Decitabine 50mg Injection D-Nib
Trade Name: D-Nib
Manufacturer: BDR Pharmaceuticals
Presentation: Injection
Strength: 50mg
What is the Decitabine 50 mg Injection purpose?
Myelodysplastic syndrome is treated with Decitabine 50 mg Injection (a group of conditions in which the bone marrow produces blood cells that are misshapen and do not produce enough healthy blood cells). Decitabine belongs to a class of drugs known as hypomethylation agents.
What is the maximum amount of time you can take decitabine?
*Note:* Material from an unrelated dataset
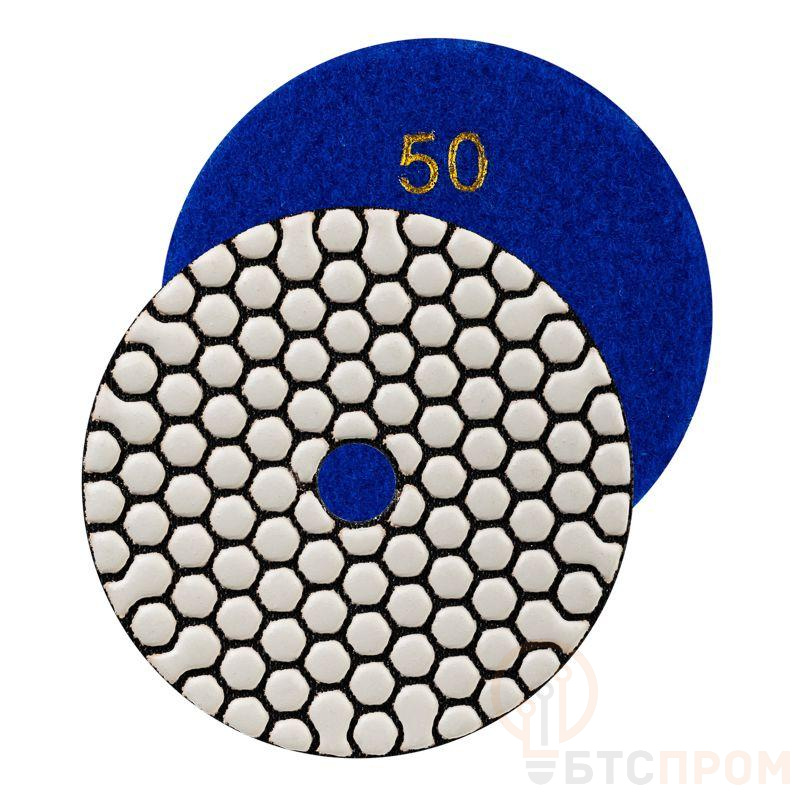 Алмазный гибкий шлифовальный круг KRANZ предназначен для сухого шлифования поверхностей из камня, мрамора, гранита и керамогранита. Конструкция «черепашка» с открытыми сегментами способствует эффективному отводу шлама, что позволяет работать без охлаждающей жидкости. Абразив с зернистостью P50 используется для черновой обработки: равномерно снимает большой слой материала. Рабочая поверхность содержит высокую концентрацию алмазов, а прочная связка из термопластика придает стойкость к нагреву и продлевает срок службы. Гибкая форма позволяет использовать инструмент для шлифовки изделий сложной формы. Липучка позволяет быстро и надежно зафиксировать круг на опорной тарелке. Круг устанавливается на УШМ с опорной тарелкой для алмазных гибких шлифовальных кругов (АГШК).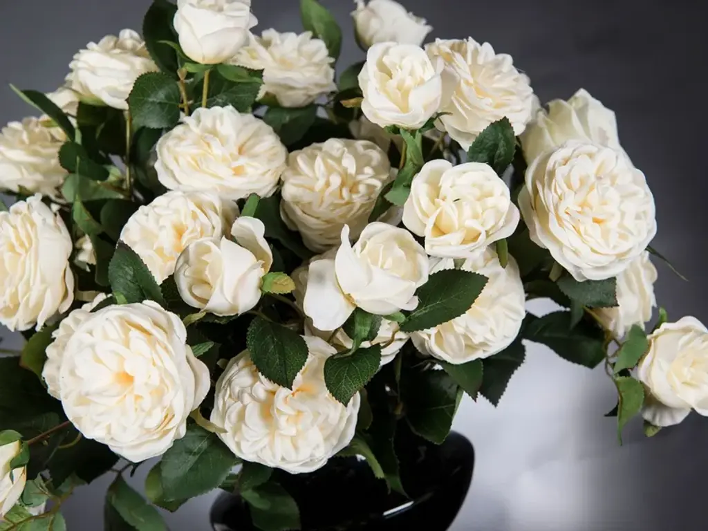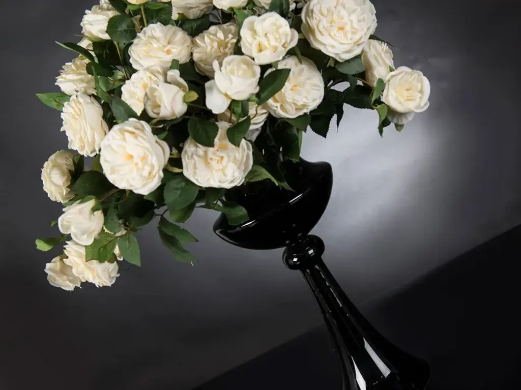 ERACLE BOUQUET is a faux flower arrangement in black glass vase with artificial flowers and “water illusion”, created by our floral designers. Ideal for interior decor or weddings and events setting.

If someone is very unwell, decitabine may be administered in the hospital. Every 28 days, Decitabine is given again. This is referred to as a “single cycle.” Decitabine treatment is continued until it no longer works or is discontinued due to undesirable adverse effects.
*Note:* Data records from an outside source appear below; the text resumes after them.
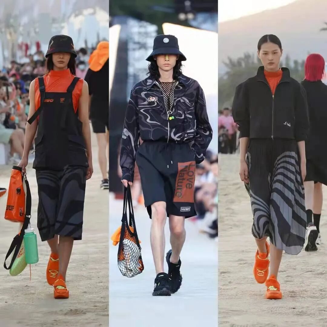 冬日海滩,运动、潮流、中国元素催生制造灵感,阳光、音浪、多巴胺加速化学反应,中国李宁打造了一场以“意想天开”为主题的潮流音乐节,以青年文化力量,创意呈现22春夏系列新品,“海南岛春季国际艺术展”也伴随着潮流音乐节的登陆正式拉开帷幕。本季中国李宁22春夏系列,继续探索运动基因、中国文化和潮流元素三者融合的更多可能,通过对突破精神的探寻及运用,对苗族原生态文化的感悟,对起源于中国的折纸艺术与服饰创作的破壁尝试,开启“意想天开”的奇妙之旅。中国李宁意想天开潮流音乐节,将22春夏系列潮流发布、装置艺术、前卫音乐、极限运动和青年文化元素融会贯通,带来一场高浓度海岛狂欢。沙滩上延伸150米的“镜界”艺术装置,融合摩托车、滑板、折纸、游戏等时下青年潮流元素,在光影反射作用下营造出独立体验空间。此次潮流音乐节,以李宁运动潮流产品全球代言人肖战的创意视频拉开序幕,在李宁签约音乐艺人朱婧汐、唱作音乐人满舒克、知名摇滚乐队大波浪乐队的现场LIVE音乐中,身着中国李宁22春夏系列服饰的模特在黄昏落日下的沙滩上聚光而来,共创了一个青年文化的沉浸式理想国。特邀嘉宾成龙先生、李宁女子运动风尚大使钟楚曦的亮相再次掀起活动高潮,蒸腾热浪,点燃派对。李宁品牌创始人李宁先生,李宁执行董事兼联席行政总裁钱炜先生携高管团队亲临现场并与到场嘉宾共同参与了一场有关青年文化的创造体验。以突破极限为灵感样本,在充满挑战的极限运动中感悟突破自我的生活方式,在传承千年的中国艺术文化中对话与创新,在兼具艺术审美和空间几何原理的折纸艺术中探寻匠心。在“意想天开”主题引导下,本季中国李宁22春夏系列服装产品视线更加聚焦攀岩、激流、越野摩托等极限运动,探索风格、图案和廓形的自由表达,同时借助科技面料的运用,将实用性与潮流紧密结合,带来风格鲜明的呈现。同时基于设计师对苗族生活方式的观察、记录与思考,将千年来为湘西苗族山民所崇尚的、追溯本源的天性艺术成为新的设计理念运用到本季服装中,拉近人与自然距离的同时,进一步展现中国文化于运动潮流中的运用。那些代表苗族天性生活方式的图腾符号、苗族传统刺绣的配色、民族服饰纹路,皆成为设计灵感的催化剂;从苗村墙壁发现的斑驳,结合晕染工艺,带来新的扎染风潮;源自于苗族传统刺绣中的蝴蝶、荷花、狗牙纹饰等自然元素,以折纸艺术中的折痕呈现方式,构成具有辨识度的图案表达。所谓“匠心如纸,不剪不切”,将折纸概念的注入服装设计,也是设计师以实验性的方式为运动潮流寻找新的表达。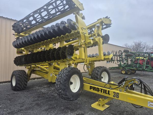 NEW PRO TILL 36' HIGH SPEED DISK - 9 BAR CAGE ROLLER - 20" NOTCHED FRONT AND SMOOTH REAR BLADES, Before driving to see this item, please call or email to confirm availability.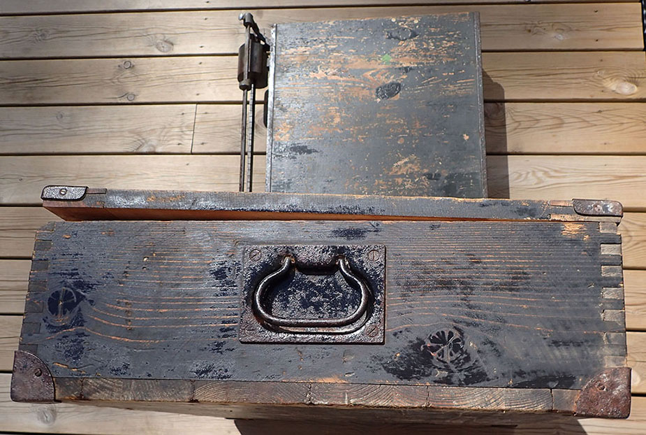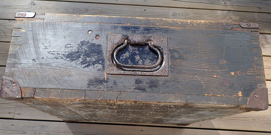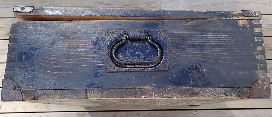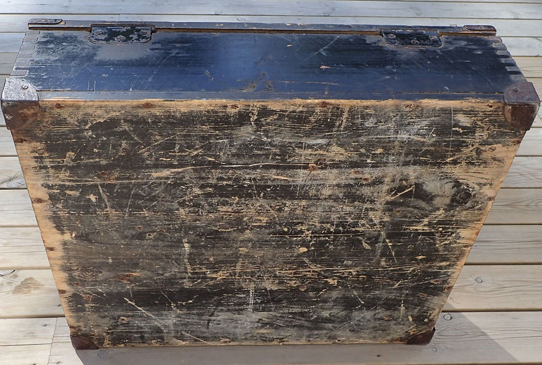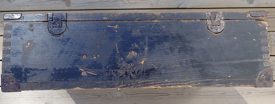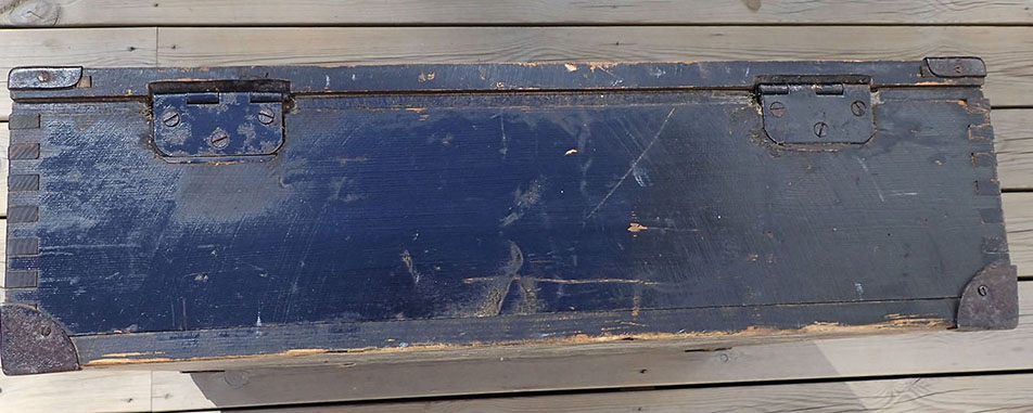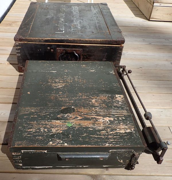 Transportkassen er i meget pen stand med den originale Wehrmacht-grønne malingen og med hvit tekst på lokket.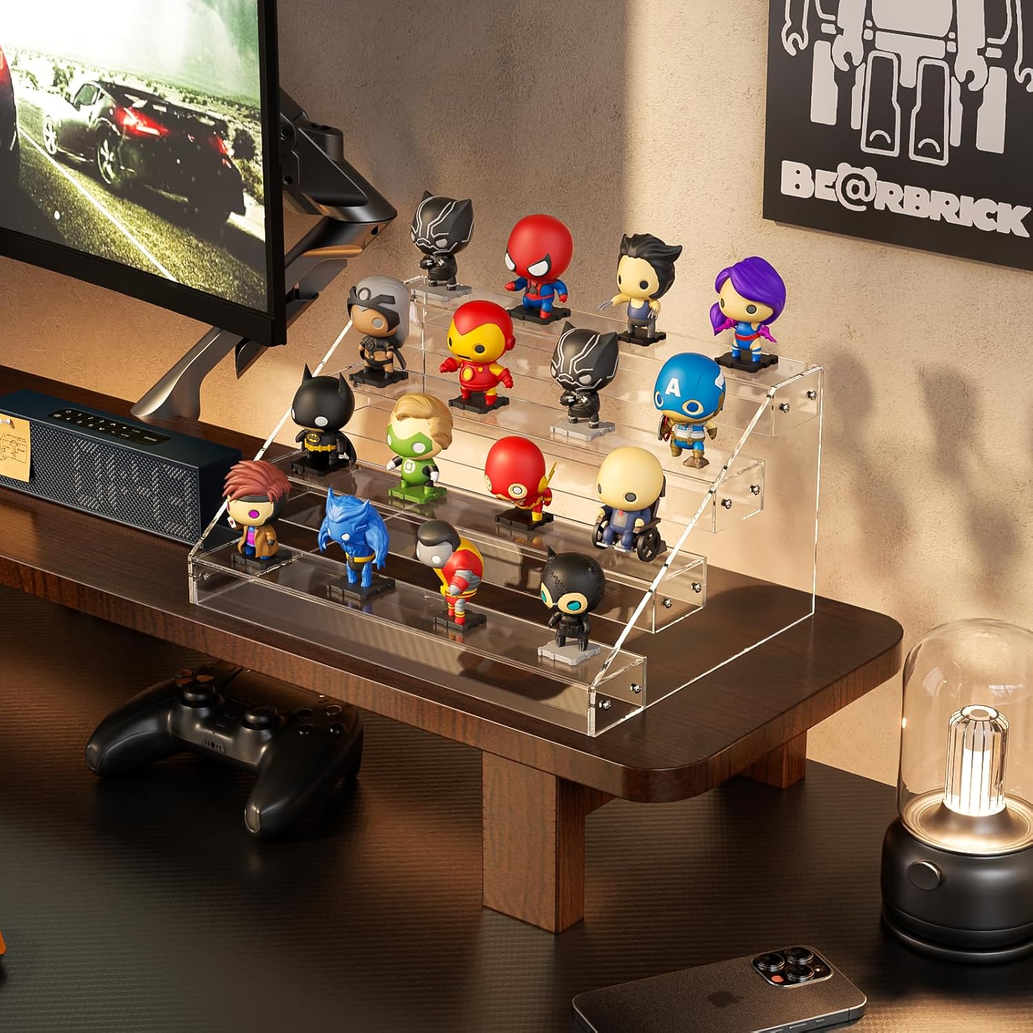 - 【Multi-layer Design】: This sticker display stand for display is designed with 4 layers, it adopts a new concave-convex double-sided design, and the slats can be used both front and back. The flat side is perfect for displaying various figurines and toys as well as perfume and cosmetics in a large size.The concave surface can better display all kinds of standard size cosmetics and perfumes. It prevents items from bumping and falling when picked up.

How long does Decitabine 50 mg Injection take to work?
What is the average time it takes for a patient to respond to treatment? The median period for patients to attain any level of remission for either CR or CRH was 2 months in the clinical research (with a range of 0.8 to 4.2 months).
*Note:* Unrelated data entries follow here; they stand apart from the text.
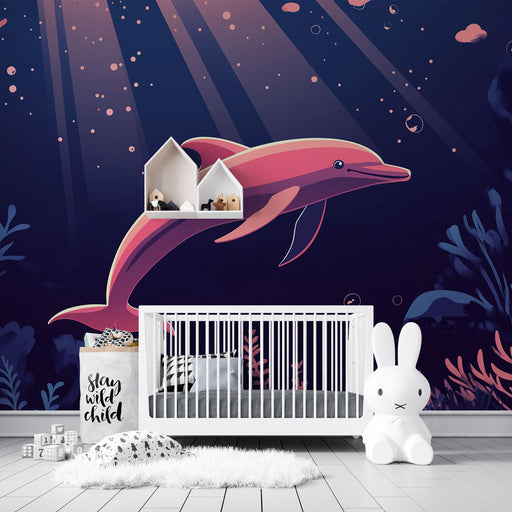 WonderMuralDescubre nuestro cautivador papel pintado que presenta un delfín rosa nadando graciosamente en aguas profundas, iluminado por rayos de luz. El cont...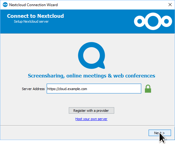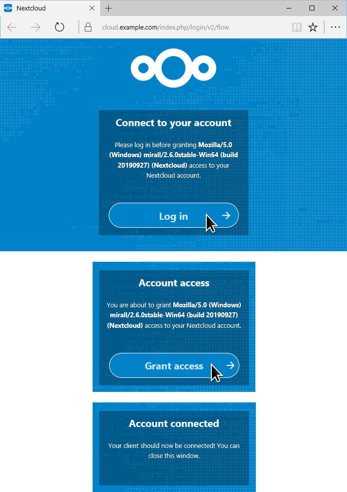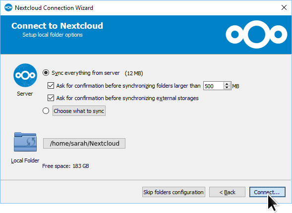 A web browser will pop up, and you’ll be asked to log in to your Cloud server account, and grant access to the sync app.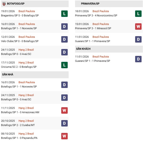 Thống kê phong độ Botafogo SP vs Primavera: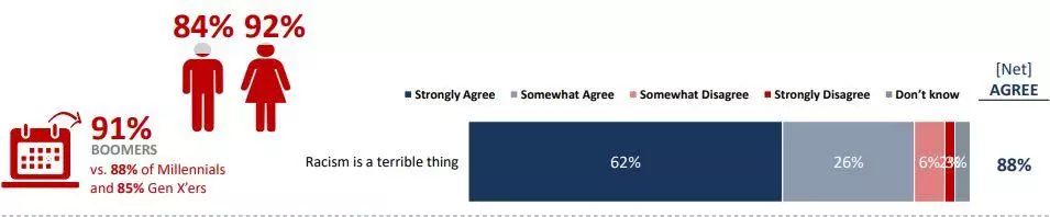但有趣的是,有92%女性更有可能同意种族主义是一件可怕的事情,而魁北克居民有54%承认,自己有不愿在公共场合谈论种族主义的想法。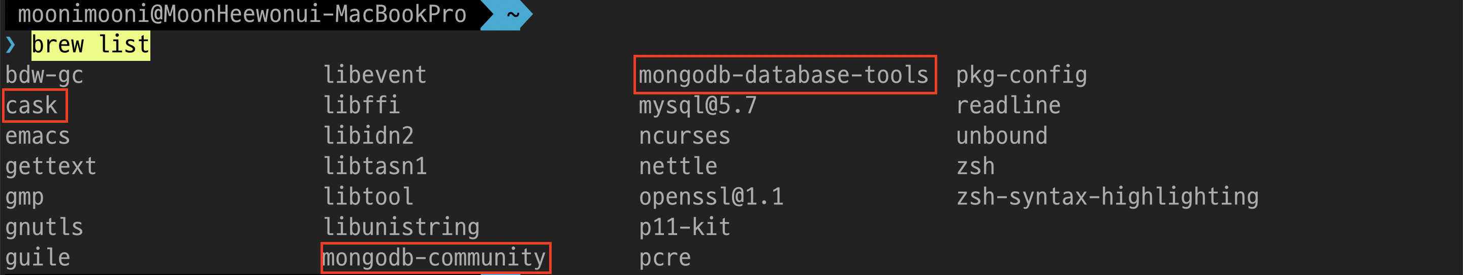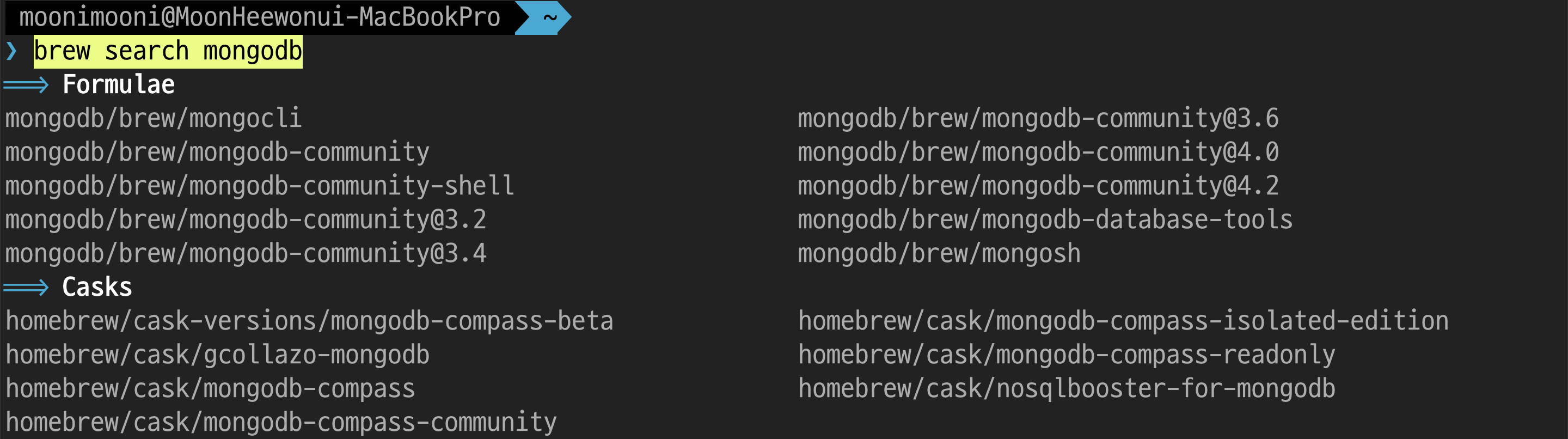 $ brew search mongodb를 통해 설치할 수 있는 mongodb 종류를 찾습니다.

What are the Decitabine 50 mg Injection adverse effects?
- Dacogen’s most common adverse effects include headaches,
- dizziness
- tiredness
- lethargy
- fever
- nausea
- vomiting
- and stomach discomfort. For more details Click Here.
What is the efficacy of Decitabine 50 mg Injection?
Decitabine was found to be effective and generally safe in the treatment of MDS and AML in our study. Patients with agranulocytosis and severe anemia had a poor prognosis, which should be closely monitored in clinical practice.
What is the metabolization of Decitabine 50 mg Injection?
Decitabine is also effective against chronic myeloid leukemia. It is rapidly degraded by cytidine deaminase in the liver, which accounts for its short half-life of 8–30 minutes.
What is the mechanism of Decitabine sickle cell disease treatment?
Non-cytotoxic DNMT1 depletion with a metronomic (frequent but intermittent) regimen of the nucleoside analog decitabine directly antagonizes a mechanism of gamma-globin repression in SCD patients at risk of early mortality, resulting in sustained, clinically significant HbF increases.
What causes sickle cell anemia in the first place?
Scientists revealed that the polymerization of hemoglobin, the protein in red blood cells that carries oxygen to cells and organs, is the fundamental cause of SCD. This biochemical mechanism leads red blood cells to distort and take on the disease’s characteristic sickle shape.